Saba's high-stakes campaign against Workspace has escalated, with the activist investor urging an immediate break-up of the flexible office provider's extensive property portfolio. The New York-based hedge fund, led by Boaz Weinstein, claims that Workspace's revamped strategy is riddled with "considerable execution risk" and will fail to deliver significant returns for several years.

Saba, which holds a 24.7% stake in Workspace and is the company's second-largest shareholder, is advocating for an "orderly and accelerated disposal programme" of its offices. The hedge fund believes this approach would unlock immediate value for investors and should be coupled with a share buyback programme to address the persistently low share price. According to Paul Kazarian, a partner at Saba, shareholder value could be realised more swiftly and with substantially lower risk by prioritising significant property sales, with proceeds directed towards share buybacks rather than large-scale reinvestment.

Workspace's shares have plummeted by around 60% since 2021, consistently trading at a substantial discount to its net asset value (NAV). This underperformance is attributed to a broader downturn in the property trust sector and a shift towards more permanent office arrangements. Saba acquired a stake in Workspace last year following this bleak performance.

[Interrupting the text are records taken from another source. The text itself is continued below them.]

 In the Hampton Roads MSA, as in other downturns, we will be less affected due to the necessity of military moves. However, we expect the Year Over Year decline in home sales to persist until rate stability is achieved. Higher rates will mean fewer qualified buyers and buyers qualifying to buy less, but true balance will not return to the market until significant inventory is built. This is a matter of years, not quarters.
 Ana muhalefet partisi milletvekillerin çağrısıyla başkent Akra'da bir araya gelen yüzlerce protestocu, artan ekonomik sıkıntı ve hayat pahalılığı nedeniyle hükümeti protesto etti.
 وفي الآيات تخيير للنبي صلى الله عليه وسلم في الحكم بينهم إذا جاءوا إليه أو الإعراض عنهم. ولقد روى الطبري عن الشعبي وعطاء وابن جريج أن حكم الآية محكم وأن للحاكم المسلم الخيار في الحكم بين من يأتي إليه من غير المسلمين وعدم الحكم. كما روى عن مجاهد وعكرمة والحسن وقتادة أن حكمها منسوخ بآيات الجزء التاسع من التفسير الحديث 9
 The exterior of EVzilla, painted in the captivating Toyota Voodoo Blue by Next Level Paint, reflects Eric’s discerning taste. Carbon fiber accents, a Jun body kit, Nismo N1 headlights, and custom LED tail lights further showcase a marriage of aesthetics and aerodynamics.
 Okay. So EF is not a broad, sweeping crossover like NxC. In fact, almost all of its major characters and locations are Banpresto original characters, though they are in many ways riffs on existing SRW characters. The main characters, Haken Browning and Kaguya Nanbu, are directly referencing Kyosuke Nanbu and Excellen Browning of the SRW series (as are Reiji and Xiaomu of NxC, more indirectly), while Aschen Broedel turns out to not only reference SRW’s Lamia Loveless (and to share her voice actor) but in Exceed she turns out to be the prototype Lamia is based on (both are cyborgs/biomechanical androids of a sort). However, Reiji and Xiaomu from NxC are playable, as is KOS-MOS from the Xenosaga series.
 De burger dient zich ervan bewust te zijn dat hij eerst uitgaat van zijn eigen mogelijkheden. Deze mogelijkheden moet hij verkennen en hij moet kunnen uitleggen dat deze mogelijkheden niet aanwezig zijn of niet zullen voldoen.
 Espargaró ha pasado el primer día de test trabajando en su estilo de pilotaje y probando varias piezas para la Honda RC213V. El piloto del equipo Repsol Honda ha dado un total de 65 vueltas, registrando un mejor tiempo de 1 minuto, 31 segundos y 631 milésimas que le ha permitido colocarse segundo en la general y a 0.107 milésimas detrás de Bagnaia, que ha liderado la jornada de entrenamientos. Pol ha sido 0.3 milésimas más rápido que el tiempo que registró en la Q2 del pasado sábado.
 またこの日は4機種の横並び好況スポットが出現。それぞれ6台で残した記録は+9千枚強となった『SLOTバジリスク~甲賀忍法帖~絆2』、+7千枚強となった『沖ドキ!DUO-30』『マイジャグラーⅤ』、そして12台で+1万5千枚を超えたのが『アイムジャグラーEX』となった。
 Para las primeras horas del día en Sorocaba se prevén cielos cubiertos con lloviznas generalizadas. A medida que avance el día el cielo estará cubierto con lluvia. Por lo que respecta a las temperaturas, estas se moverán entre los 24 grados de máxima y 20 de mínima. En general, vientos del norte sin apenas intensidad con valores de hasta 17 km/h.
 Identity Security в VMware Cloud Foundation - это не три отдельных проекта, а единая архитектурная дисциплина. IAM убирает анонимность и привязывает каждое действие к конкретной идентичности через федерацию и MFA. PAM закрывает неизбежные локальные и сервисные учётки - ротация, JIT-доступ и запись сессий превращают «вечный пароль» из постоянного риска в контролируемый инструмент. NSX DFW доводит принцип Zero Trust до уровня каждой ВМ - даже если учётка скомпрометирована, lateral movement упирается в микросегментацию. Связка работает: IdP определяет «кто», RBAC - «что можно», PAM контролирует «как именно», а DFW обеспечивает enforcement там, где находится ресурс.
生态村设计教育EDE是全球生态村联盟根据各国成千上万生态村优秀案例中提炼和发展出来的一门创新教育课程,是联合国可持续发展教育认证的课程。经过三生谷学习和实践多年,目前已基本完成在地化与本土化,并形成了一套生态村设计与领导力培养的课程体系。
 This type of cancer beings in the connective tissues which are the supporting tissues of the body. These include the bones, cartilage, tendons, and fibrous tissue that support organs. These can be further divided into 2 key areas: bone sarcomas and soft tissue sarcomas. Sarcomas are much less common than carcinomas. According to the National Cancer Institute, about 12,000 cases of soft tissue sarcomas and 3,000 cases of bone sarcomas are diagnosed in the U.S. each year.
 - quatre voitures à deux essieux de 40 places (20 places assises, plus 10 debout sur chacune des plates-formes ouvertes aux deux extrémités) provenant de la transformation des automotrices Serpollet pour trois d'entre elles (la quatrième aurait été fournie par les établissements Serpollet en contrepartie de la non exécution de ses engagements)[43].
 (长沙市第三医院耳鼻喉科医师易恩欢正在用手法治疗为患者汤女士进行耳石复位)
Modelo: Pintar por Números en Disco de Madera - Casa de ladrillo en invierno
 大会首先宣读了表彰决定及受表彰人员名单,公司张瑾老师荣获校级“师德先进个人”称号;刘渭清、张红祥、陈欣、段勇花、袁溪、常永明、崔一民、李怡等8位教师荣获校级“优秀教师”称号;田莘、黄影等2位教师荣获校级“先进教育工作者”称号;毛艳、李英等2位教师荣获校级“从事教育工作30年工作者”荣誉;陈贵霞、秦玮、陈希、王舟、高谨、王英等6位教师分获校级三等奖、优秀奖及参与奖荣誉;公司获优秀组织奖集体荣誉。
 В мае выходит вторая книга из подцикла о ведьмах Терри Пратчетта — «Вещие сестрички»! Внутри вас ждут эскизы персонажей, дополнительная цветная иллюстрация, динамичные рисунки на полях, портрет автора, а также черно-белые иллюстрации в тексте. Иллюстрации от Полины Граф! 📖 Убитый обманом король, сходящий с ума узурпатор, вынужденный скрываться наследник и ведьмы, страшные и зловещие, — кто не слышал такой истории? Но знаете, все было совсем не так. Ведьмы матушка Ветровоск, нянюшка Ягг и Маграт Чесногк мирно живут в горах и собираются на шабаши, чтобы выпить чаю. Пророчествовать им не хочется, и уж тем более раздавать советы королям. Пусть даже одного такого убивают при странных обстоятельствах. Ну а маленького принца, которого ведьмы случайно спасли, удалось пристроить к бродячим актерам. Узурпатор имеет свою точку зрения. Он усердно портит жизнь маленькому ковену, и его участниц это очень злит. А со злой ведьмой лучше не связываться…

Workspace's new executive team has unveiled a revised strategy aimed at transforming the company into an "earnings-focused business," which involves reinvesting proceeds from any property disposals back into the existing portfolio – a move that directly contradicts Saba's proposals. However, Saba has outlined a three-phase disposal roadmap involving 56 assets, arguing this framework offers a clear path to value realisation while maintaining market flexibility.

The ongoing dispute highlights a broader trend within the UK's investment trust industry, where Saba has been actively seeking to instigate changes. The hedge fund has previously called for the removal of all six of Workspace’s non-executive directors, including chairman Duncan Owen, to facilitate its break-up plans. A vote on Saba’s proposed board changes is anticipated at Workspace's Annual General Meeting in July, setting the stage for a potential showdown.

Why this matters: This situation highlights the challenges facing the UK commercial property sector and the pressure on listed companies to deliver shareholder value. The outcome could influence the strategies of other UK property trusts and their appeal to investors.

What this means for you: What this means for you: While this specific dispute directly impacts Workspace shareholders, it reflects broader economic trends in the commercial property market. For UK savers and investors, it underscores the volatility in property-related investments and the importance of diversification. Mortgage holders are indirectly affected by the health of the wider property market, which can influence interest rate decisions by the Bank of England. For specific investment advice, always consult a qualified financial adviser.